Ada Cruz

Personal information
- Full name: Ada del Carmen Cruz Chavarría
- Date of birth: 25 November 1963 (age 62)
- Place of birth: Santiago, Chile
- Position: Forward

Senior career*
- Years: Team / Apps / (Gls)
- Everton [es]
- Santiago Morning

International career
- 1991–2004: Chile

= Ada Cruz =

Chilean footballer (born 1963)

Ada del Carmen Cruz Chavarría (born 25 November 1963) is a Chilean football coach and former player who played as a forward. She is known as the first women's football star in her country.

==Club career==
Cruz began to play football alongside her brothers in Conchalí commune, Santiago.

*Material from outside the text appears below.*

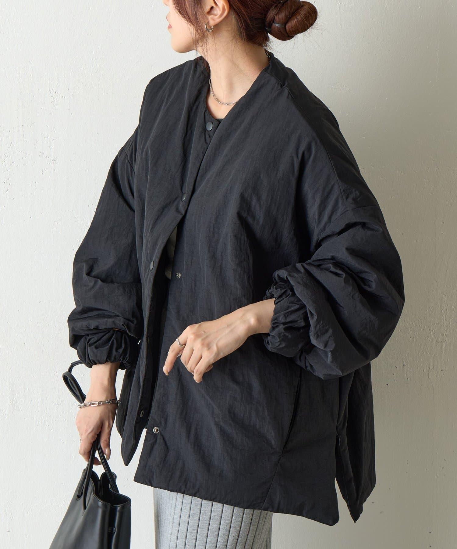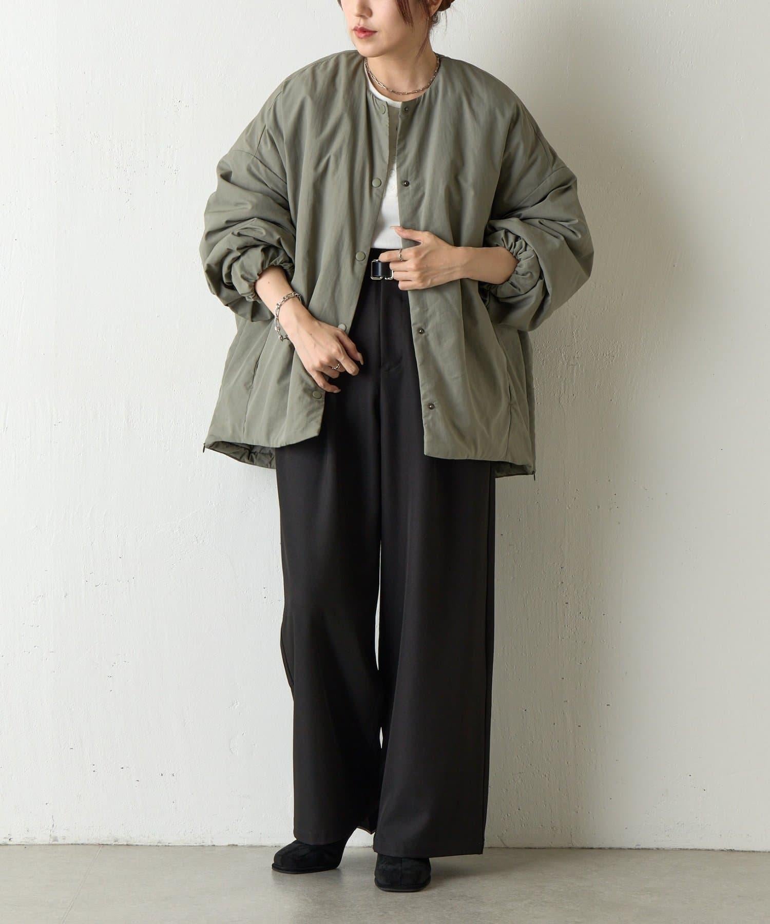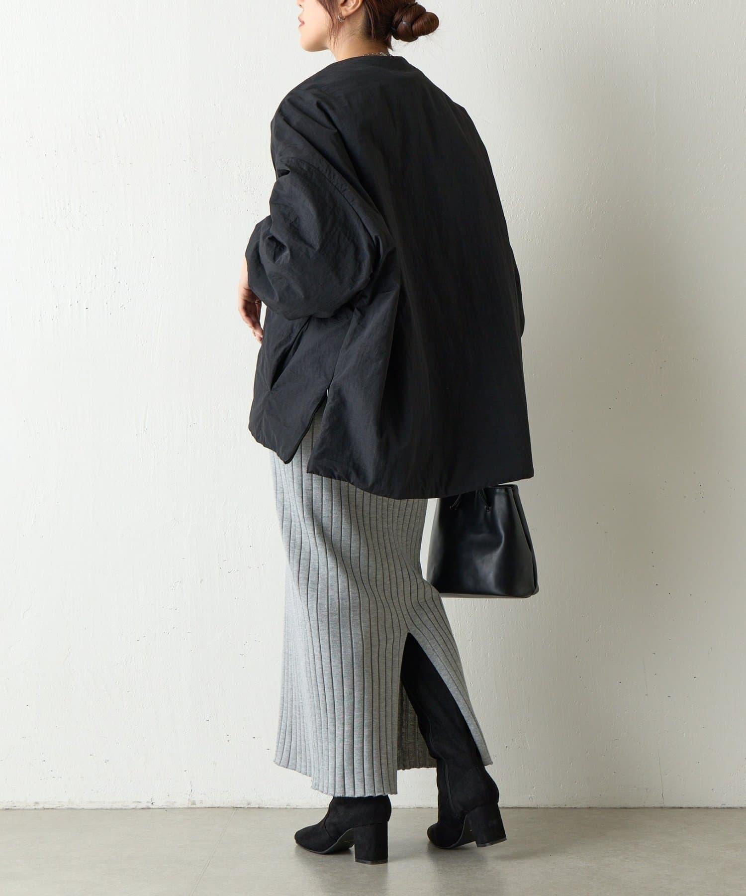 側面下襬的拉鍊可以開合,因此成為可以通過改變輪廓來享受的外衣。

At club level, she began her career with the women's team of Everton de Viña del Mar based in Santiago. In total, she scored 125 goals for them.

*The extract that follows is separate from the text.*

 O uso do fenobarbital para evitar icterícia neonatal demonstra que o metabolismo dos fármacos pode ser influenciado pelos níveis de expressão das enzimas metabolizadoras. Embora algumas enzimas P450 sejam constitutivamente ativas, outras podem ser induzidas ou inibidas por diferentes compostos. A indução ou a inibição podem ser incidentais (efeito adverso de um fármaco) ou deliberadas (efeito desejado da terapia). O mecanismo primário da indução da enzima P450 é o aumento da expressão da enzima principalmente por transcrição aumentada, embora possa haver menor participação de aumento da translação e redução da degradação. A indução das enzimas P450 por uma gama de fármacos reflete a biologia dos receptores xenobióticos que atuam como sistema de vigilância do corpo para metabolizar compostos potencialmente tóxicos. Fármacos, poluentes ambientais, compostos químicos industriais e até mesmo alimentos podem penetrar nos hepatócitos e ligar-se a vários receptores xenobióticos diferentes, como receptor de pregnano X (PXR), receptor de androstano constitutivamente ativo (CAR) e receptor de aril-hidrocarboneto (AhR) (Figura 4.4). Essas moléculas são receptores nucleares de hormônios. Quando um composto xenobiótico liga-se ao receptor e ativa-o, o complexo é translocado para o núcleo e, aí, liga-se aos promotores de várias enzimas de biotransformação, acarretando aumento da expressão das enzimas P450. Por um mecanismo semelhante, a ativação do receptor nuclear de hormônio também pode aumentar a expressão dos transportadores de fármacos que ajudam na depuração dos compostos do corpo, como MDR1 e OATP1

Later, she played for clubs in Iquique and Santiago Morning.

==International career==
Cruz was part of the Chile national team since it was made up in February 1991 under Bernardo Bello until 2004 under Sergio Rojas. She took part in the inaugural edition of the Copa América in 1991, then called South American Championship, scoring the first goal in the history of Chile in the 6–1 loss against Brazil. Chile became the runner-up and Cruz was chosen the best player of the tournament.

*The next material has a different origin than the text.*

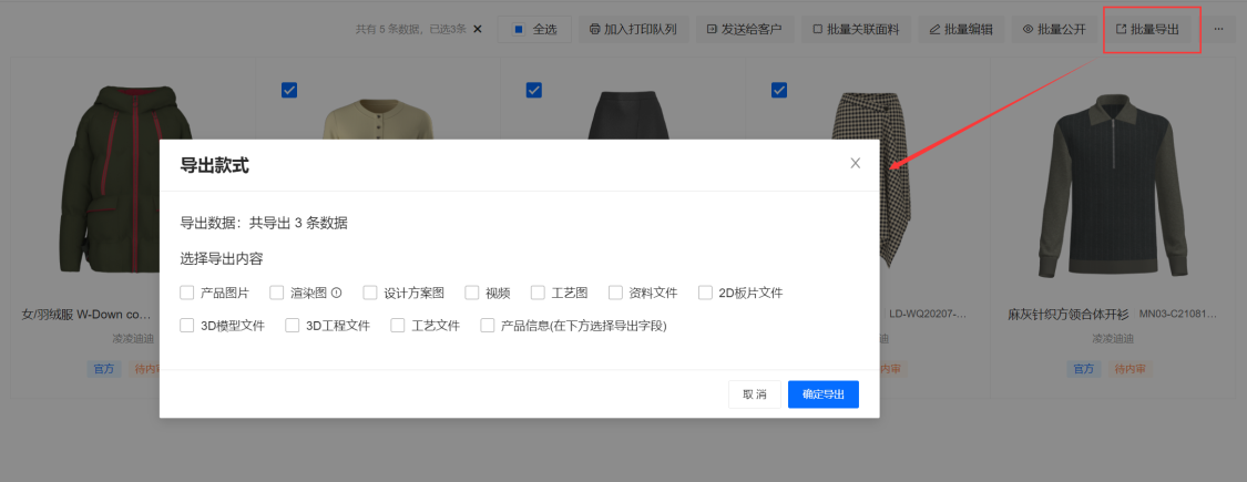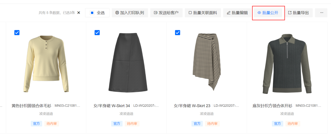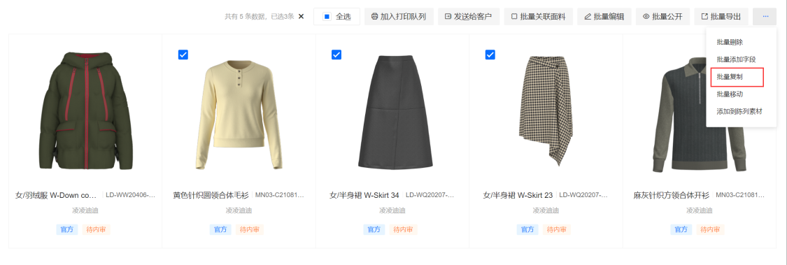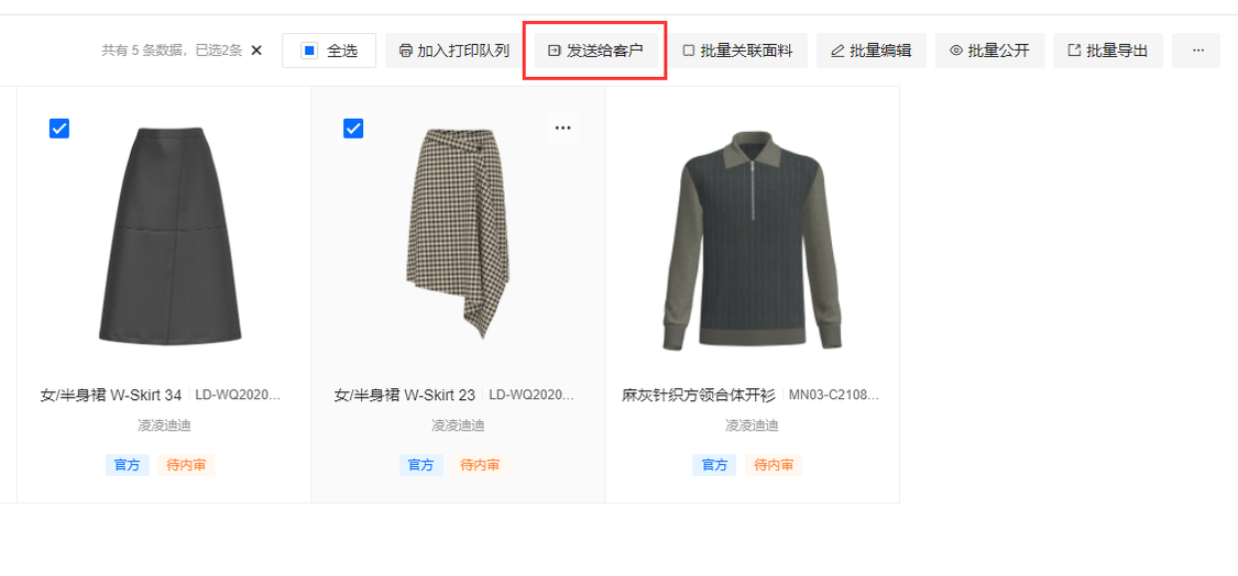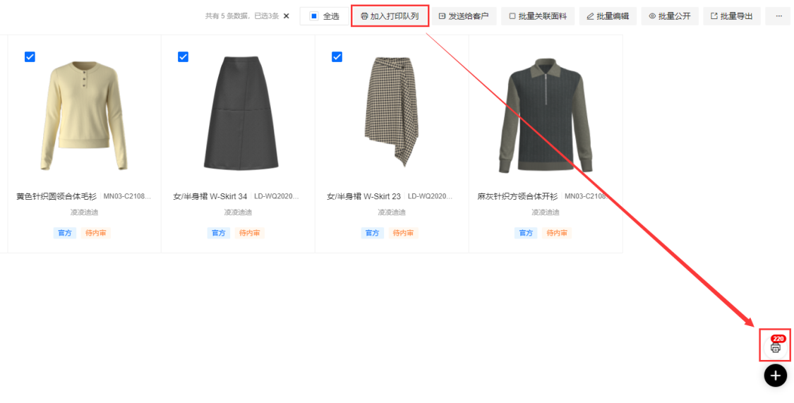 选中多款,点【加入打印队列】,将款式加入待打印款式队列

Later, she took part in tournaments such as 1994 Jayalalitha Cup and the 1995 South American Championship, among others.

==Coaching career==
She became a football coach and has worked for the football academy of Hipódromo Chile and INAF (National Football Institute), the trade union of professional footballers in Chile.

==Political career==
As a member of Independent Regionalist Party, Cruz was a candidate to the Regional Council for the district Santiago 1 in 2013.

As a member of National Renewal, she was a candidate to Councillor for Conchalí commune in the 2021 municipal elections.

==Personal life==
She got pregnant at the age of 19 in Iquique and continued playing football until her seventh month of pregnancy.

On 23 April 2021, she suffered a serious car accident.